Как видим, в курсе дел были лишь высшие государственные функционеры, чья деятельность непосредственно касалась предмета советско-германских отношений (не будем забывать, что фундаментом Договора о ненападении являлся подписанный 19 августа 1939 г. торговый договор между Германией и СССР, имеющий колоссальное значение для нужд тяжелой, то бишь военной, промышленности). Таким образом, Сталин не мог в широком кругу членов Политбюро и представителей Коминтерна разглагольствовать об «известном вам предложении Германии», поскольку об этих предложениях никто посторонний не знал и не мог знать.
Венгрия, Болгария, и особенно Румыния — это страны, где влияние Германии было преобладающим. Никогда не шло речи о передаче этих стран в сферу влияния СССР даже в гипотетическом ключе. Румыния была стратегическим экономическим партнером Германии, обеспечивая большую часть поставок нефти. Рассуждения Сталина о балканских делах и германо-итальянских отношениях носят абсолютно оторванный от реальности характер. 22 мая 1939 г. был заключен Стальной пакт — военно-политический союз между Германией и Италией, образовавший ось Берлин — Рим. Поэтому оснований для сомнений в том, что Италия последует за Германией, у Сталина в августе 1939 г. не должно было быть.
Сталин не мог сказать в августе 1939 г., что
За весь предвоенный период никогда не поднимался вопрос о советской экономической помощи Германии. Речь велась исключительно о торговле, причем условия сделок были чрезвычайно выгодны СССР и весьма обременительны для Германии, но Берлин вынужден был идти на определенные жертвы, оплачивая политические уступки со стороны Советского Союза. Поэтому Сталин и в качестве шутки не мог сказать, что мы будем «экономически помогать Германии».

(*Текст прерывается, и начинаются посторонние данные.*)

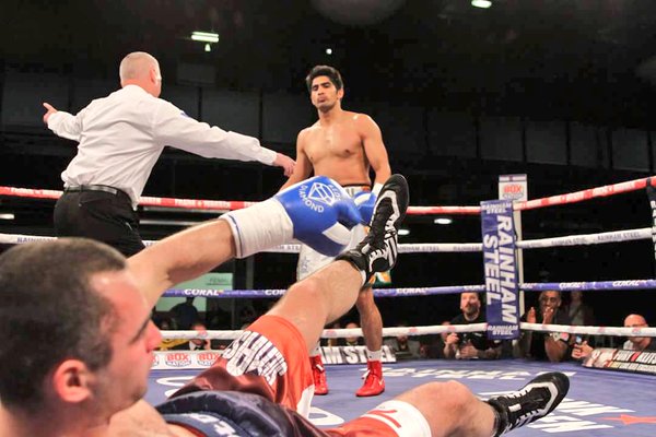 The Indian Olympic medal winner was fighting his first eight-round contest.

Даже беглый анализ указывает на то, что «речь Сталина» — довольно примитивная фальшивка, рассчитанная разве что на интеллект среднего западного обывателя. К тому же как содержание «секретного доклада» Сталина могло просочиться за границу? Рюффен свои показания по этому вопросу менял довольно резво. В книге де ла Праделя он сообщает, что ему каким-то неведомым образом представилась возможность войти в контакт с мифическим высокопоставленным лицом, чья информированность не вызывала сомнений. Это лицо и предоставило все необходимые сведения, которые Рюффен записал как можно точнее. Через два года Рюффен утверждал, что он не проявлял инициативы, а находился 27 ноября 1939 г. в женевском бюро агентства «Гавас», когда неожиданно появился посетитель, доверивший ему некий документ. После тщательного анализа Рюффен пришел к выводу о том, что это достоверное изложение «речи Сталина» и в тот же вечер передал текст в Париж.

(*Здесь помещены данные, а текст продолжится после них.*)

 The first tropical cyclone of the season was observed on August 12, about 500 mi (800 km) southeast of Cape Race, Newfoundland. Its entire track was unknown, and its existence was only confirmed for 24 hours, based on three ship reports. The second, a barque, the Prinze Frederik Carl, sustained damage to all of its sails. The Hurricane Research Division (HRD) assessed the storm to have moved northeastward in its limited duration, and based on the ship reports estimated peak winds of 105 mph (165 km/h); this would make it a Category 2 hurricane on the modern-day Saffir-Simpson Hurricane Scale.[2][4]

После войны историю с «речью Сталина» расследовал немецкий историк Э. Йеккель. Он списался с Рюффеном, однако тот, подтвердив факт передачи документа агентству «Гавас», не ответил на письмо историка, с конкретными вопросами об обстоятельствах этого акта. Никак не прокомментировал он и расхождения между первоначальным текстом и его дальнейшими редакциями.
Из версии Рюффена можно сделать вывод, что среди членов Политбюро, присутствующих на «секретном заседании», был предатель, устроивший утечку информации. Если бы описываемое событие 19 августа действительно имело место, то скандальная публикация во французской прессе дала повод для серьезного расследования. Оставить неразоблаченного иуду в своем ближайшем окружении Сталин не мог. Поскольку никаких мероприятий по поиску источника утечки информации предпринято не было (по крайней мере, об этом ничего не известно), можно смело заключить, что Рюффен высосал «речь Сталина» из пальца или кто-то иной осуществил через него «слив» дезинформации.